§ **Records from a dataset**:
****
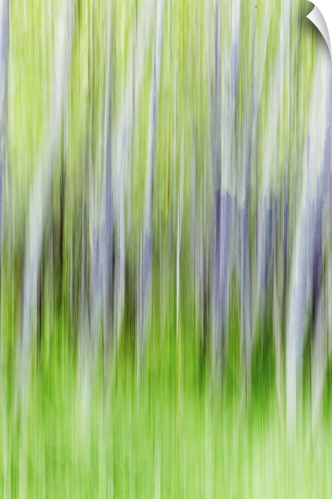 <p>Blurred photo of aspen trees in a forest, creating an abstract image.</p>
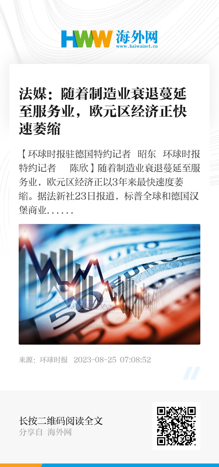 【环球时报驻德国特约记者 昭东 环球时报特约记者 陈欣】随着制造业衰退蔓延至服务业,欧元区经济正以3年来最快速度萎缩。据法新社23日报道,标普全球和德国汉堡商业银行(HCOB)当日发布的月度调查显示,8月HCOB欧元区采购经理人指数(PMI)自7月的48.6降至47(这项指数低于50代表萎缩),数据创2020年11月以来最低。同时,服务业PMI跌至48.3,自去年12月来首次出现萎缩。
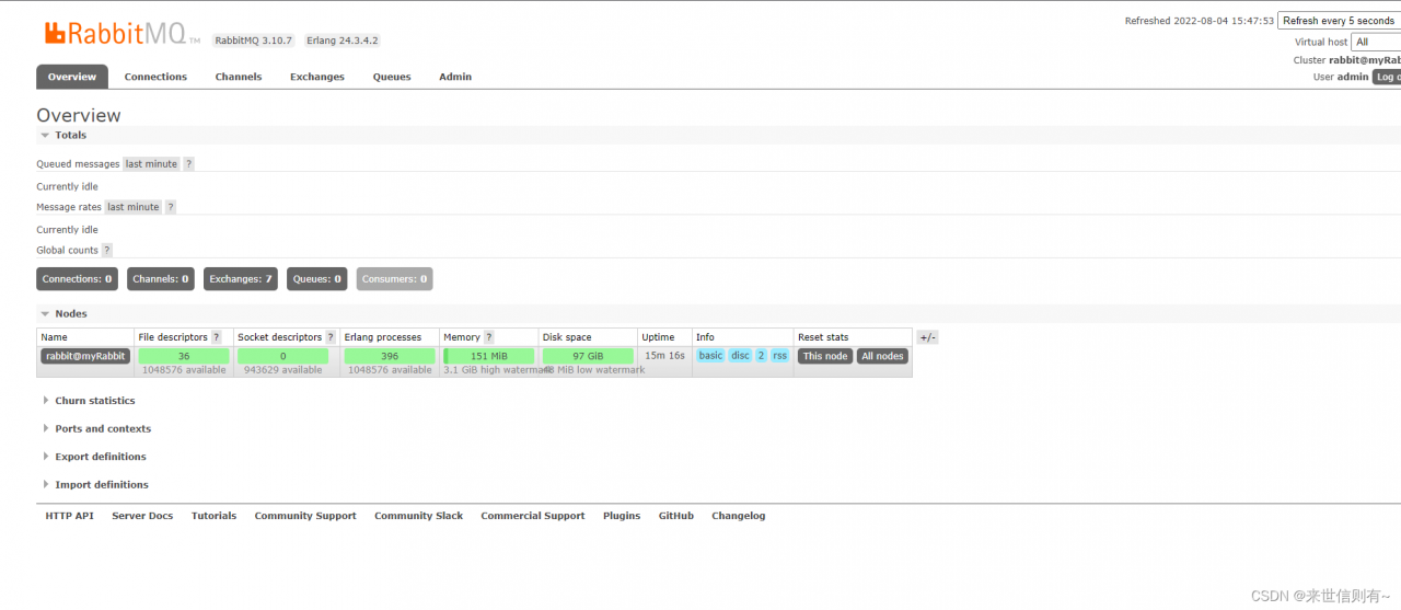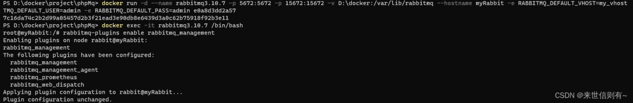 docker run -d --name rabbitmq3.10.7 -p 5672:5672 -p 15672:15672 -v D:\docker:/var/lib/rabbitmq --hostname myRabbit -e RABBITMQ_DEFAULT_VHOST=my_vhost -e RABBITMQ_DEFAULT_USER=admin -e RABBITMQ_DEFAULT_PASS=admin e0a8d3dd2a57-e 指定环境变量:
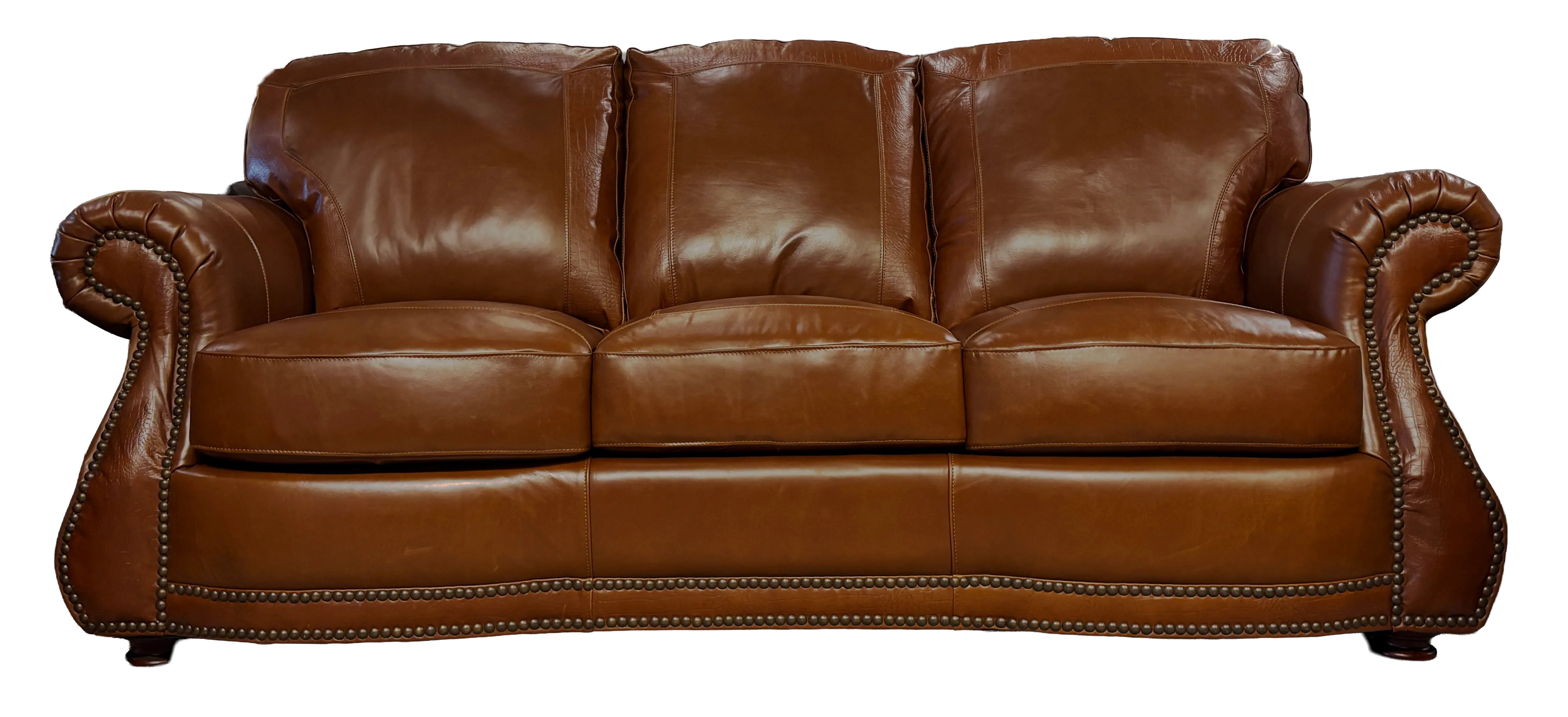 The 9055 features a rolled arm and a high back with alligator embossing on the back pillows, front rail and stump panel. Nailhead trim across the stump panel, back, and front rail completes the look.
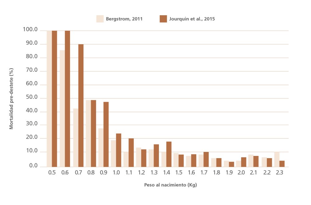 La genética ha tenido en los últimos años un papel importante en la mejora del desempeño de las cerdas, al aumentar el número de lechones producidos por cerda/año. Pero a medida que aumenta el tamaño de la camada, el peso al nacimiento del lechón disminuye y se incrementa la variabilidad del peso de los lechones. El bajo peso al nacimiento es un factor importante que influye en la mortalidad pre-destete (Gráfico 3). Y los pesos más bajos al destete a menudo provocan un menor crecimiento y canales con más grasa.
****
§ **What is required**:
If pictures appear in the data, do not print them; repeat the rest exactly.

§ **Solution to this problem**:
 <p>Blurred photo of aspen trees in a forest, creating an abstract image.</p>
 【环球时报驻德国特约记者 昭东 环球时报特约记者 陈欣】随着制造业衰退蔓延至服务业,欧元区经济正以3年来最快速度萎缩。据法新社23日报道,标普全球和德国汉堡商业银行(HCOB)当日发布的月度调查显示,8月HCOB欧元区采购经理人指数(PMI)自7月的48.6降至47(这项指数低于50代表萎缩),数据创2020年11月以来最低。同时,服务业PMI跌至48.3,自去年12月来首次出现萎缩。
 docker run -d --name rabbitmq3.10.7 -p 5672:5672 -p 15672:15672 -v D:\docker:/var/lib/rabbitmq --hostname myRabbit -e RABBITMQ_DEFAULT_VHOST=my_vhost -e RABBITMQ_DEFAULT_USER=admin -e RABBITMQ_DEFAULT_PASS=admin e0a8d3dd2a57-e 指定环境变量:
 The 9055 features a rolled arm and a high back with alligator embossing on the back pillows, front rail and stump panel. Nailhead trim across the stump panel, back, and front rail completes the look.
 La genética ha tenido en los últimos años un papel importante en la mejora del desempeño de las cerdas, al aumentar el número de lechones producidos por cerda/año. Pero a medida que aumenta el tamaño de la camada, el peso al nacimiento del lechón disminuye y se incrementa la variabilidad del peso de los lechones. El bajo peso al nacimiento es un factor importante que influye en la mortalidad pre-destete (Gráfico 3). Y los pesos más bajos al destete a menudo provocan un menor crecimiento y canales con más grasa.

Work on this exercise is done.